At the time, Alabama governor George Wallace--known for his declaration of "segregation now, segregation tomorrow and segregation forever,"-- ordered the march to be stopped on grounds of public safety. Wallace's strong words and actions have left a dark stain of bigotry and discrimination on his family's legacy--one his daughter, Peggy Kennedy Wallace is looking to change.
Today, Kennedy Wallace, who is writing a book about the impact her father's politics had on his family, has walked across Edmond Pettus Bridge hand in hand with Congressman John Lewis.

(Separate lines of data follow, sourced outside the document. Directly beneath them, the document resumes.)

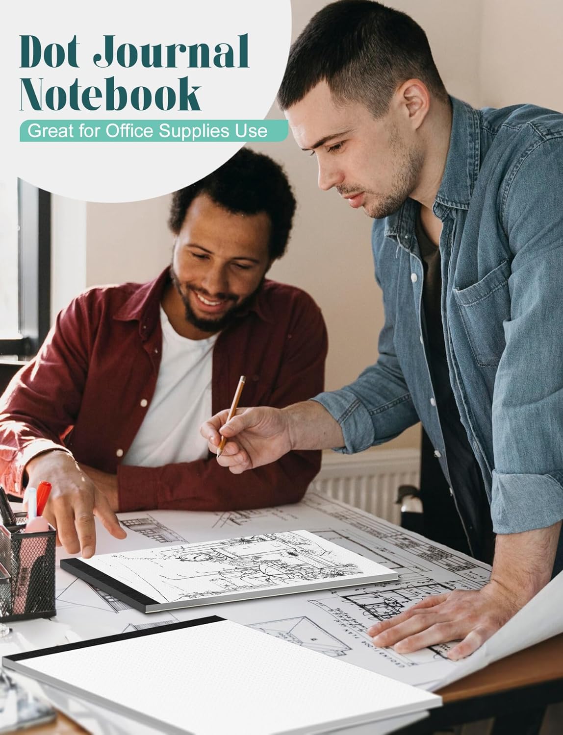 - 【CONVENIENT SIZE】- This dotted paper 8.5 x 11 notebook contains dot grid paper with 30 sheets, measuring at 8.5 x 11 inch (21.59cm x 27.94cm). Made with high-quality, 70 gsm acid-free dotted paper to help prevent from damages of light and airs to keep notes on the pages clearly. Our journal paper is thicker than average notebooks & writing pads, so you can confidently use most pens, pencils, without ghosting and bleed-through.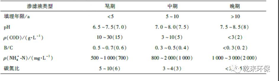 由表1 可知,早期垃圾滲濾液的水質(zhì)特點就是有機(jī)物含量很高,可生化性強(qiáng),但氨氮濃度相對較低;晚期垃圾滲濾液的水質(zhì)特點就是氨氮含量高,可生化性變差且碳氮比大幅度降低,中期滲濾液的水質(zhì)介于早期和晚期滲濾液之間. 同時,對于同一地區(qū)的雨季來說,滲濾液往往產(chǎn)量大,且有機(jī)物含量高,而旱季則產(chǎn)量小,具有較高的氨氮濃度. 滲濾液水質(zhì)的第3 個特點是營養(yǎng)比例失調(diào). 滲濾液中有機(jī)物和氨氮濃度非常高,但磷元素的含量卻很低,同時,重金屬的含量往往較高. 較低的磷含量和較高的重金屬含量增加了滲濾液生物處理的難度,這對滲濾液的有效處理是個挑戰(zhàn).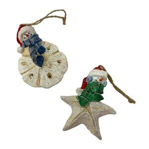 Beachy Christmas Ornaments - Snowman on a Starfish, & Snowman on a Sand Dollar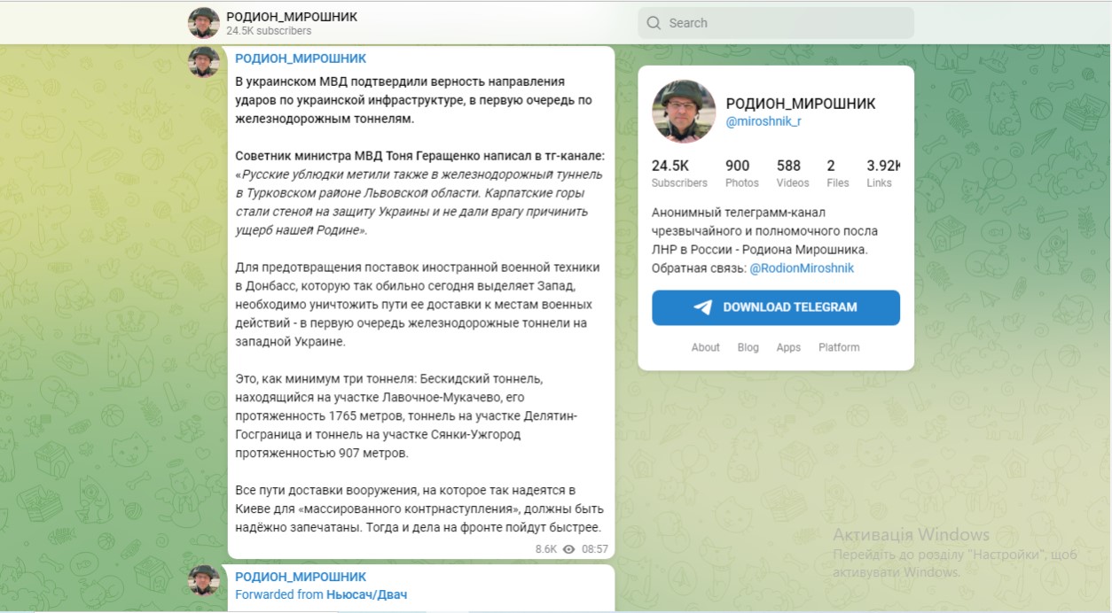 Так званий "посол ЛНР" у рф Родіон Мірошник заявив, що "для запобігання постачанню іноземної військової техніки на Донбас, яку так рясно сьогодні виділяє Захід, необхідно знищити шляхи її доставки до місць воєнних дій – насамперед залізничні тунелі на західній Україні".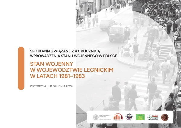 ZaproszenieSpotkania związane z 43. rocznicą wprowadzenia stanu wojennego w Polsce pt. Stan wojenny w województwie legnickim w latach 1981–1983 - Złotoryja, 11 grudnia 2024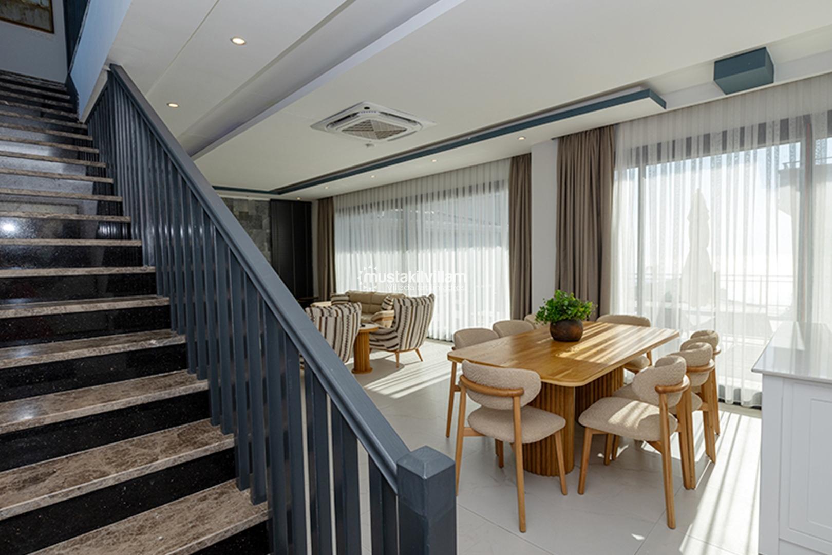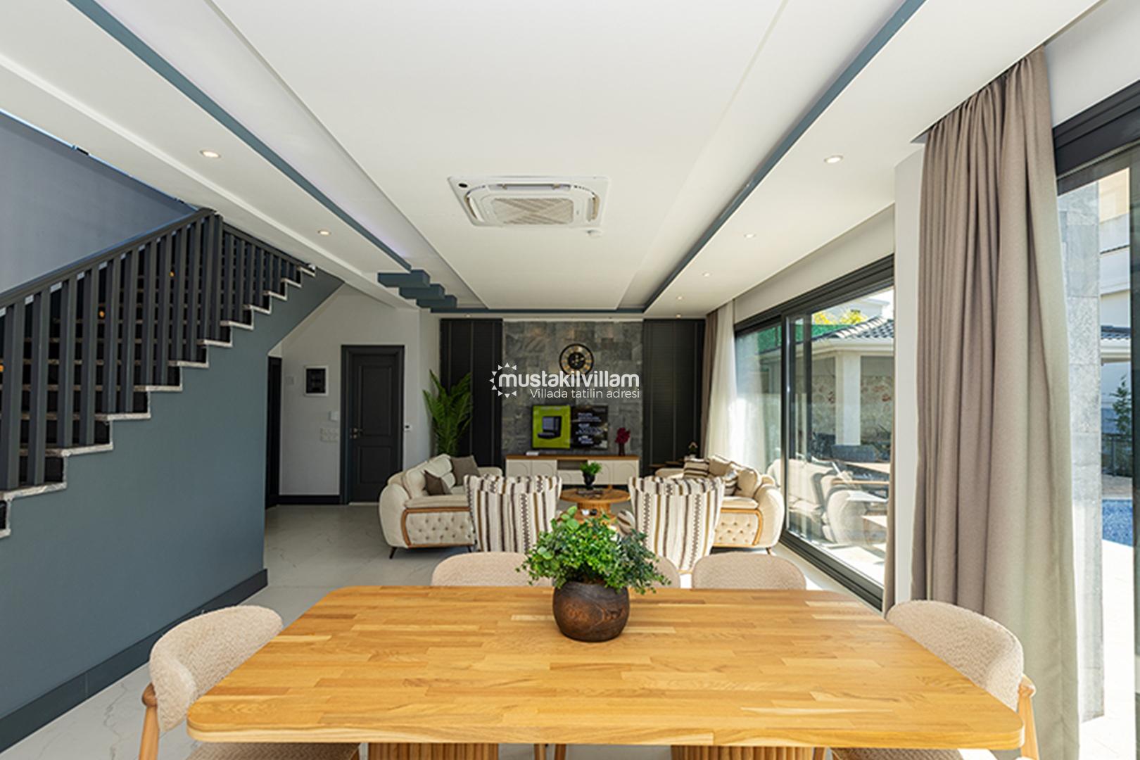 Salon bölümünden havuz ve bahçe alanına kolay erişim, iç dış mekân arasında akıcı bir bağlantı sağlar. Bu tasarım sayesinde gün boyunca hem iç mekân rahatlığı hem de havuz terası keyfi bir arada yaşanabilir.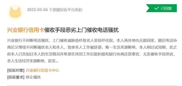 一位用户投诉称,兴业银行不间断电话骚扰,上门催收威胁恐吓致老人受惊吓住院,本人再外地也无脸回家,随后电话协商后又继续不间断骚扰老人和本人,致使本人工作被辞退,唯一生活来源断绝,本人刚过试用期,此之前本人已告知过本人的生活情况并希望在找到工作后能积极和银行协商还款事宜,无奈催收手段恶劣……

"I told him, 'I've crossed many bridges in my life, and I'll cross many, many more. But the most important bridge I'll ever cross in my life is the one I crossed with you,' in 2009," she said.
Lewis, who was recently moved to tears when an Alabama police chief apologized for failing to protect the Freedom Riders during a trip to Montgomery, was badly beaten on the bridge that fateful day.
It's the same sort of growth that Kennedy Wallace says she's aiming to achieve for her family, herself and others.
"I just would like for my children to not remember where my father stood, but where I am standing now."